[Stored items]
Segment Open

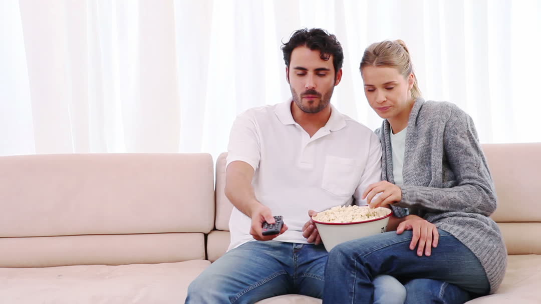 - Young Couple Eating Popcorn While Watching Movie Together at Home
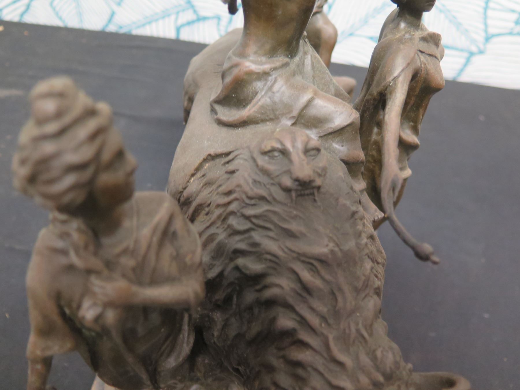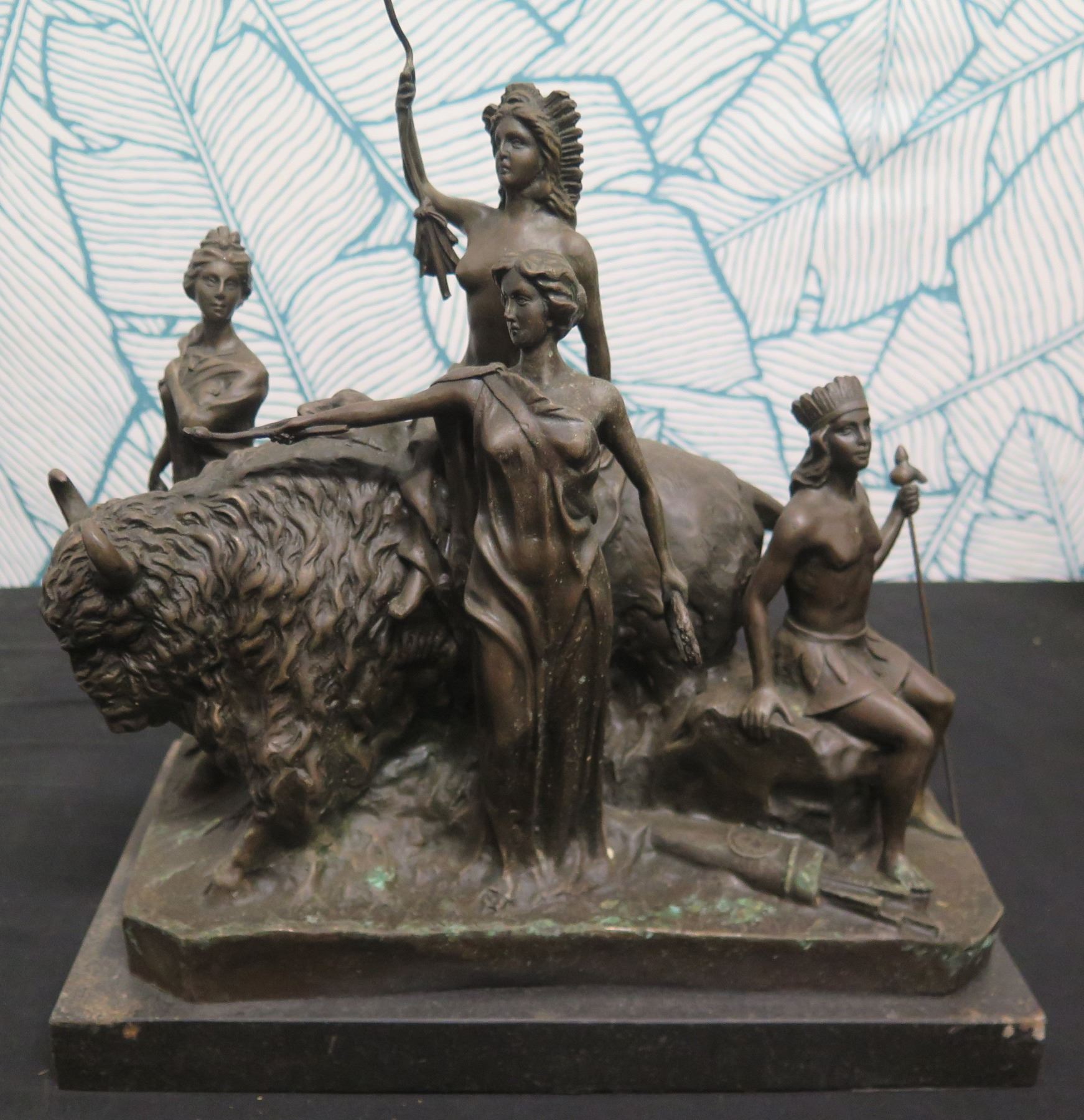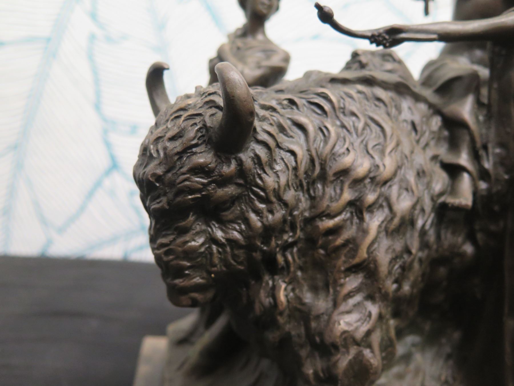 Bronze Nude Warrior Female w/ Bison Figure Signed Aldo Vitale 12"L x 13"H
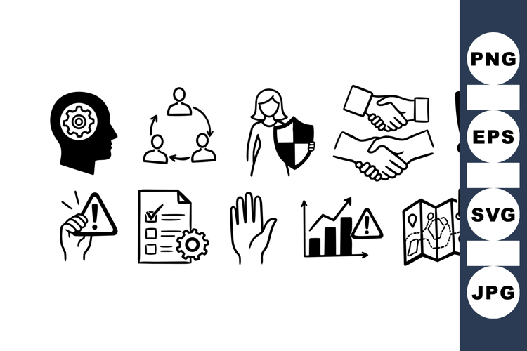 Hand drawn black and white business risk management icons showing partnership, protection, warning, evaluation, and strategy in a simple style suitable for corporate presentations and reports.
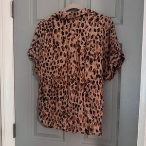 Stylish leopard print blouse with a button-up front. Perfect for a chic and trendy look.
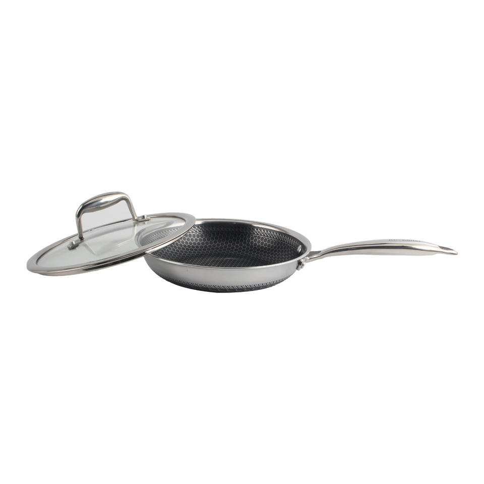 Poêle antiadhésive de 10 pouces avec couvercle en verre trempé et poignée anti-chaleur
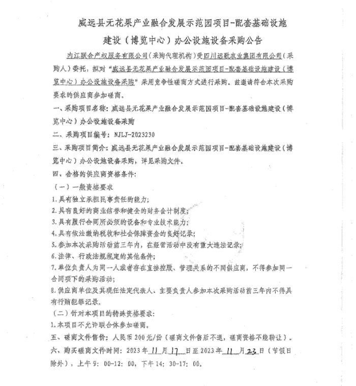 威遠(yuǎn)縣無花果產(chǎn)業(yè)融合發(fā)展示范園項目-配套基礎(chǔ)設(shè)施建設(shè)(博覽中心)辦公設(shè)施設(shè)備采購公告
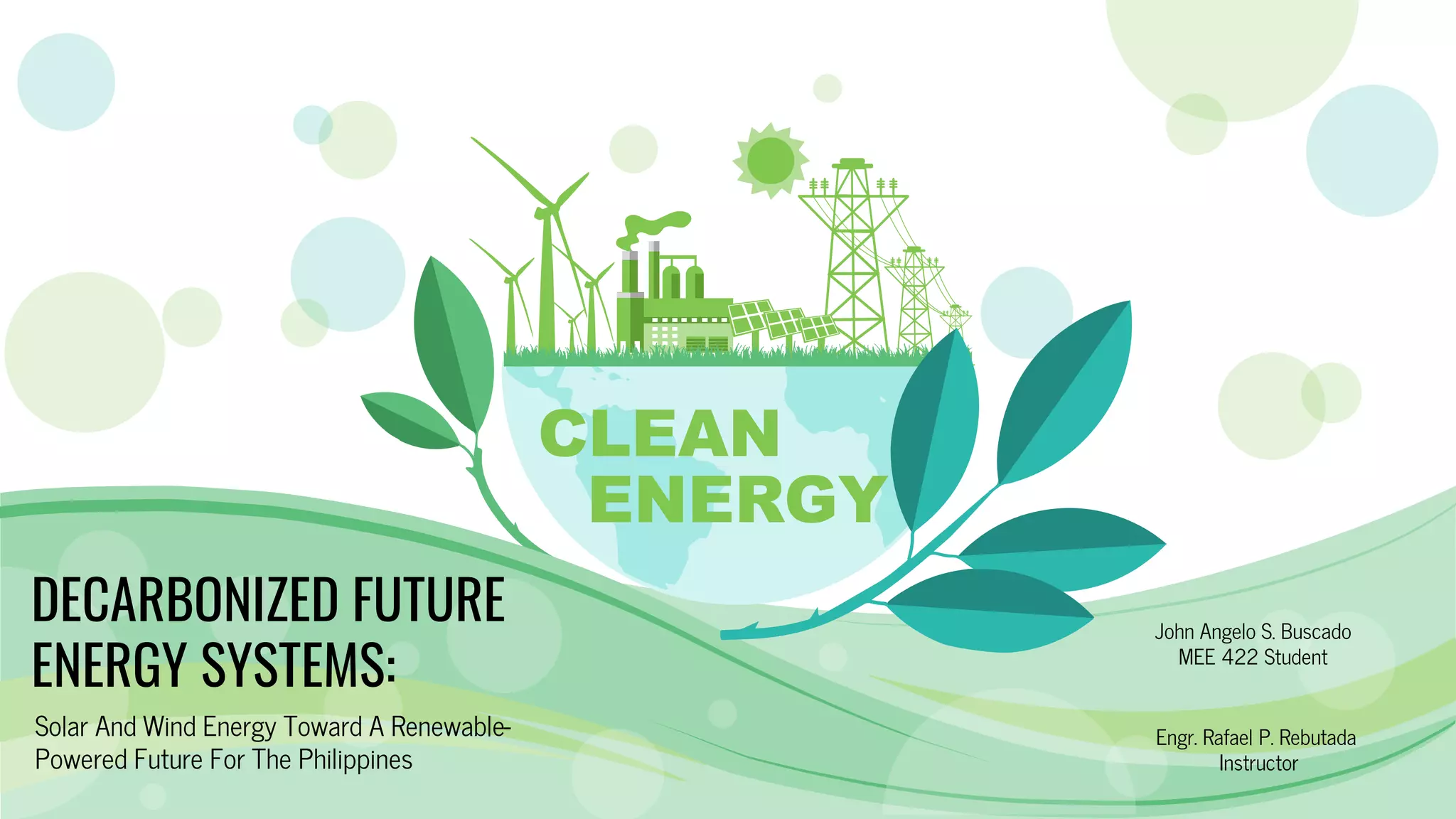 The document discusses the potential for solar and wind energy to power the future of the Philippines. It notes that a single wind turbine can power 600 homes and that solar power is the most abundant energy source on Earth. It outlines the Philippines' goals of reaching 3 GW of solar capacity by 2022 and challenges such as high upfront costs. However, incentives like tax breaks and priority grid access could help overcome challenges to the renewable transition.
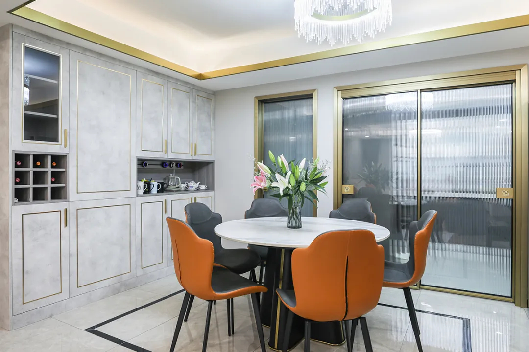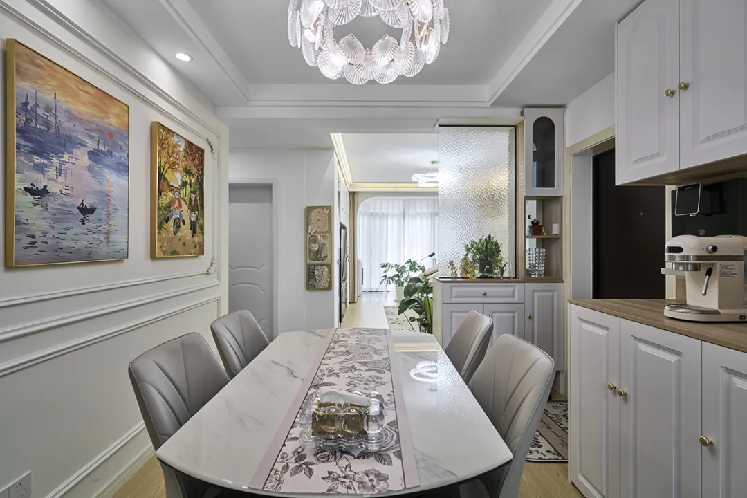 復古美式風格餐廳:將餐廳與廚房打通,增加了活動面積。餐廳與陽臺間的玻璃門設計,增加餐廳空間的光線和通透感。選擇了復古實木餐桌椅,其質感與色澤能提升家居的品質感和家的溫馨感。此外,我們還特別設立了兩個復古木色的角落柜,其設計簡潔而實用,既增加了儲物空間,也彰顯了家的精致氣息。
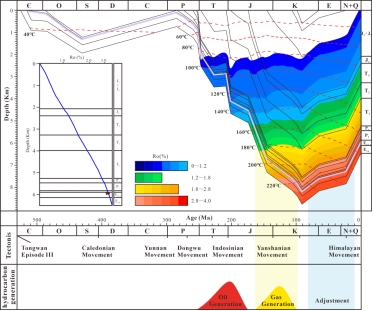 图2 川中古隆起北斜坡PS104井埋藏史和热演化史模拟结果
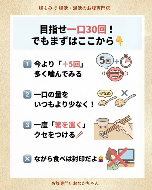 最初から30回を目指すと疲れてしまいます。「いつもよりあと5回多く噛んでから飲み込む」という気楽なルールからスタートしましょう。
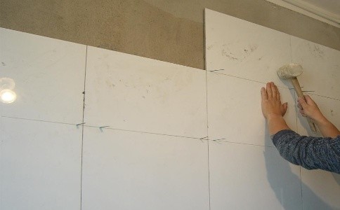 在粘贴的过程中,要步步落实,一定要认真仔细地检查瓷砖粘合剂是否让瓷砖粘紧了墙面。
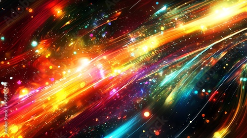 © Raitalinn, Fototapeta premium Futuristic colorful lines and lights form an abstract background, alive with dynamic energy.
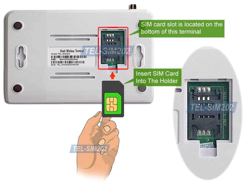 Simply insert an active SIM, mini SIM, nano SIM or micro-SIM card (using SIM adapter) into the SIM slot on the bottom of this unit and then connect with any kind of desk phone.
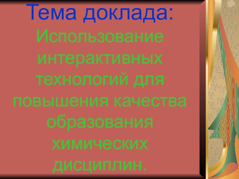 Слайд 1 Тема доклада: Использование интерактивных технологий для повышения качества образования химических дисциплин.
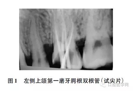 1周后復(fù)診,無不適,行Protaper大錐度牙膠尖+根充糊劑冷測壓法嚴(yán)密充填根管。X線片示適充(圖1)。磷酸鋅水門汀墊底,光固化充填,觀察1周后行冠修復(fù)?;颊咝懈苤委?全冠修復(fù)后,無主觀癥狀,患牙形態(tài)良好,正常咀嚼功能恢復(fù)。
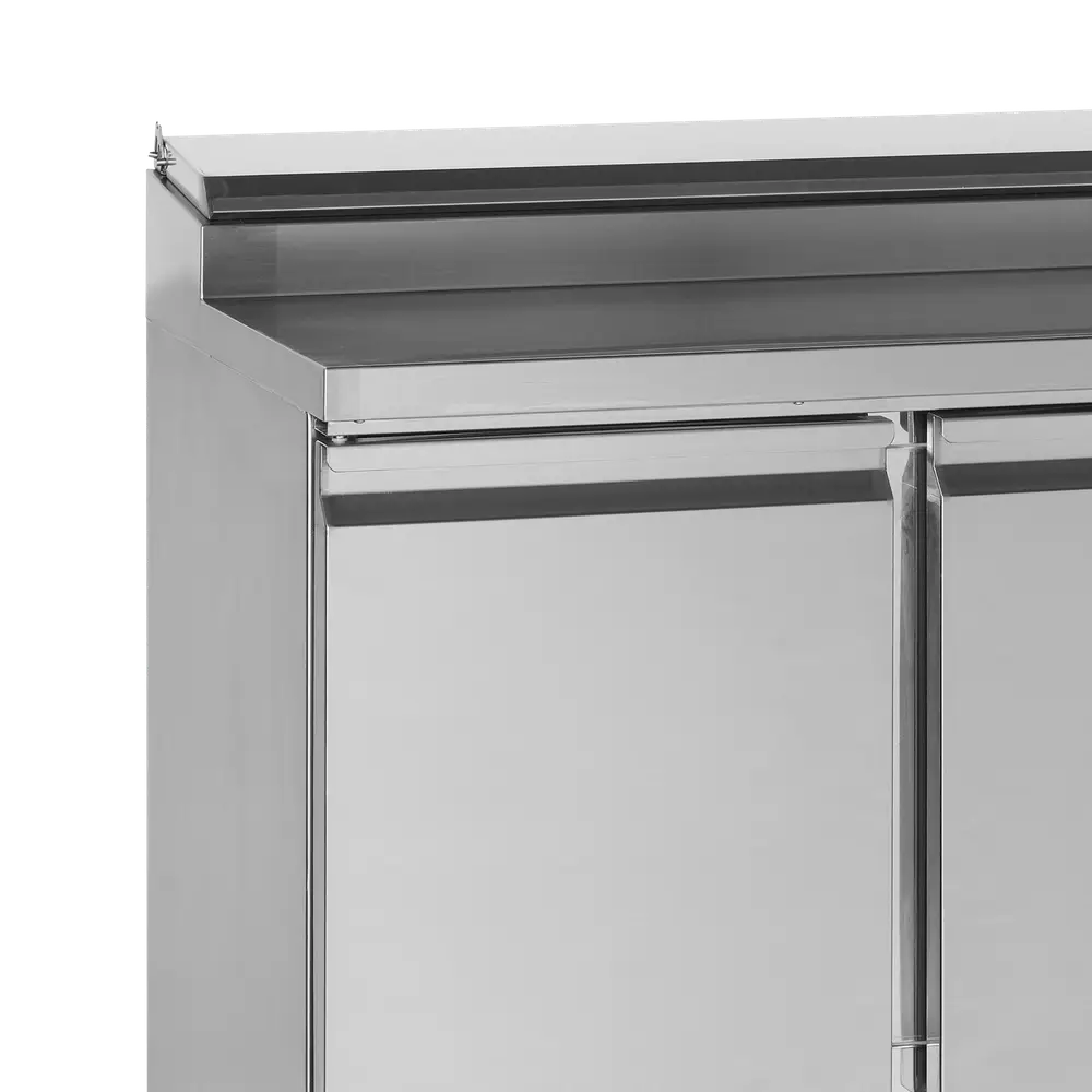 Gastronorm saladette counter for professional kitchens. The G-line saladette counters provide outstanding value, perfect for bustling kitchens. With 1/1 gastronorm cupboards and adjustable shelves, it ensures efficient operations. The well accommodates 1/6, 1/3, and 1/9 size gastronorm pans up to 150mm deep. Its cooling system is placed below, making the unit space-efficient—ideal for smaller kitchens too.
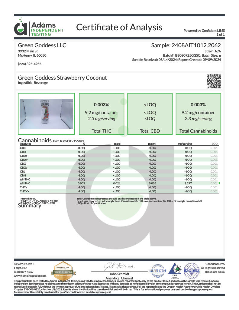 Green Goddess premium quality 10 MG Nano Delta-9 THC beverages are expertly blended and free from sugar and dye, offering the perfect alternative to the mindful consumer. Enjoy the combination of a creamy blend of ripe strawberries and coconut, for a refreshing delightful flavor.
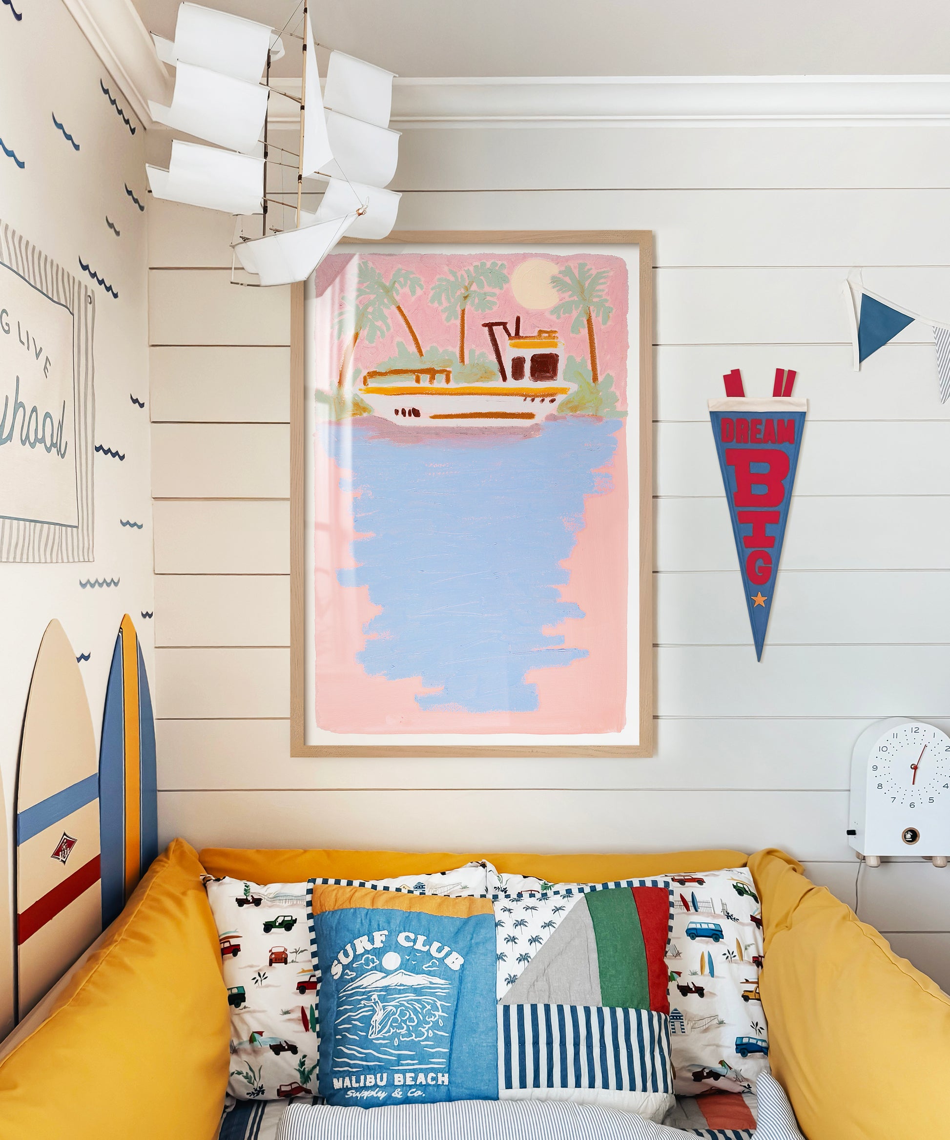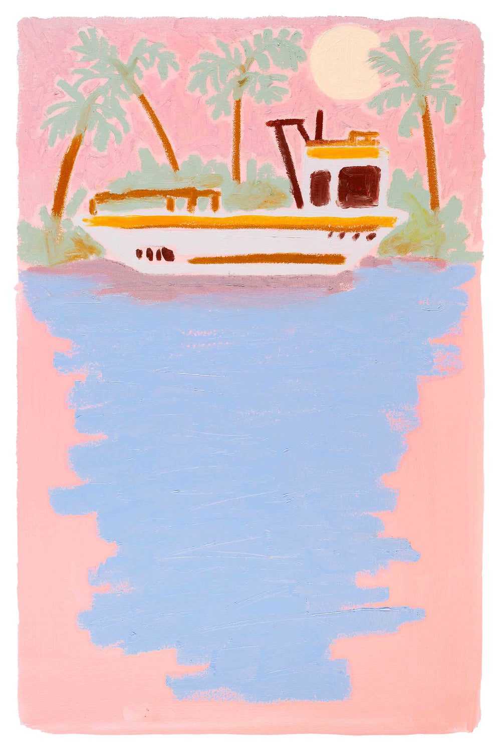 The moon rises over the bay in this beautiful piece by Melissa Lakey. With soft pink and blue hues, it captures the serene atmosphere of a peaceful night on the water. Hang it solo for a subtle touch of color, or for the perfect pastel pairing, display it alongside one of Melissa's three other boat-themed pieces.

Segment Closed

Reproduce every entry exactly; images stay out.

**Task result**.
 - Young Couple Eating Popcorn While Watching Movie Together at Home
 Bronze Nude Warrior Female w/ Bison Figure Signed Aldo Vitale 12"L x 13"H
 Hand drawn black and white business risk management icons showing partnership, protection, warning, evaluation, and strategy in a simple style suitable for corporate presentations and reports.
 Stylish leopard print blouse with a button-up front. Perfect for a chic and trendy look.
 Poêle antiadhésive de 10 pouces avec couvercle en verre trempé et poignée anti-chaleur
 威遠(yuǎn)縣無花果產(chǎn)業(yè)融合發(fā)展示范園項目-配套基礎(chǔ)設(shè)施建設(shè)(博覽中心)辦公設(shè)施設(shè)備采購公告
 The document discusses the potential for solar and wind energy to power the future of the Philippines. It notes that a single wind turbine can power 600 homes and that solar power is the most abundant energy source on Earth. It outlines the Philippines' goals of reaching 3 GW of solar capacity by 2022 and challenges such as high upfront costs. However, incentives like tax breaks and priority grid access could help overcome challenges to the renewable transition.
 復古美式風格餐廳:將餐廳與廚房打通,增加了活動面積。餐廳與陽臺間的玻璃門設計,增加餐廳空間的光線和通透感。選擇了復古實木餐桌椅,其質感與色澤能提升家居的品質感和家的溫馨感。此外,我們還特別設立了兩個復古木色的角落柜,其設計簡潔而實用,既增加了儲物空間,也彰顯了家的精致氣息。
 图2 川中古隆起北斜坡PS104井埋藏史和热演化史模拟结果
 最初から30回を目指すと疲れてしまいます。「いつもよりあと5回多く噛んでから飲み込む」という気楽なルールからスタートしましょう。
 在粘贴的过程中,要步步落实,一定要认真仔细地检查瓷砖粘合剂是否让瓷砖粘紧了墙面。
 © Raitalinn, Fototapeta premium Futuristic colorful lines and lights form an abstract background, alive with dynamic energy.
 Simply insert an active SIM, mini SIM, nano SIM or micro-SIM card (using SIM adapter) into the SIM slot on the bottom of this unit and then connect with any kind of desk phone.
 Слайд 1 Тема доклада: Использование интерактивных технологий для повышения качества образования химических дисциплин.
 1周后復(fù)診,無不適,行Protaper大錐度牙膠尖+根充糊劑冷測壓法嚴(yán)密充填根管。X線片示適充(圖1)。磷酸鋅水門汀墊底,光固化充填,觀察1周后行冠修復(fù)?;颊咝懈苤委?全冠修復(fù)后,無主觀癥狀,患牙形態(tài)良好,正常咀嚼功能恢復(fù)。
 Gastronorm saladette counter for professional kitchens. The G-line saladette counters provide outstanding value, perfect for bustling kitchens. With 1/1 gastronorm cupboards and adjustable shelves, it ensures efficient operations. The well accommodates 1/6, 1/3, and 1/9 size gastronorm pans up to 150mm deep. Its cooling system is placed below, making the unit space-efficient—ideal for smaller kitchens too.
 Green Goddess premium quality 10 MG Nano Delta-9 THC beverages are expertly blended and free from sugar and dye, offering the perfect alternative to the mindful consumer. Enjoy the combination of a creamy blend of ripe strawberries and coconut, for a refreshing delightful flavor.
 The moon rises over the bay in this beautiful piece by Melissa Lakey. With soft pink and blue hues, it captures the serene atmosphere of a peaceful night on the water. Hang it solo for a subtle touch of color, or for the perfect pastel pairing, display it alongside one of Melissa's three other boat-themed pieces.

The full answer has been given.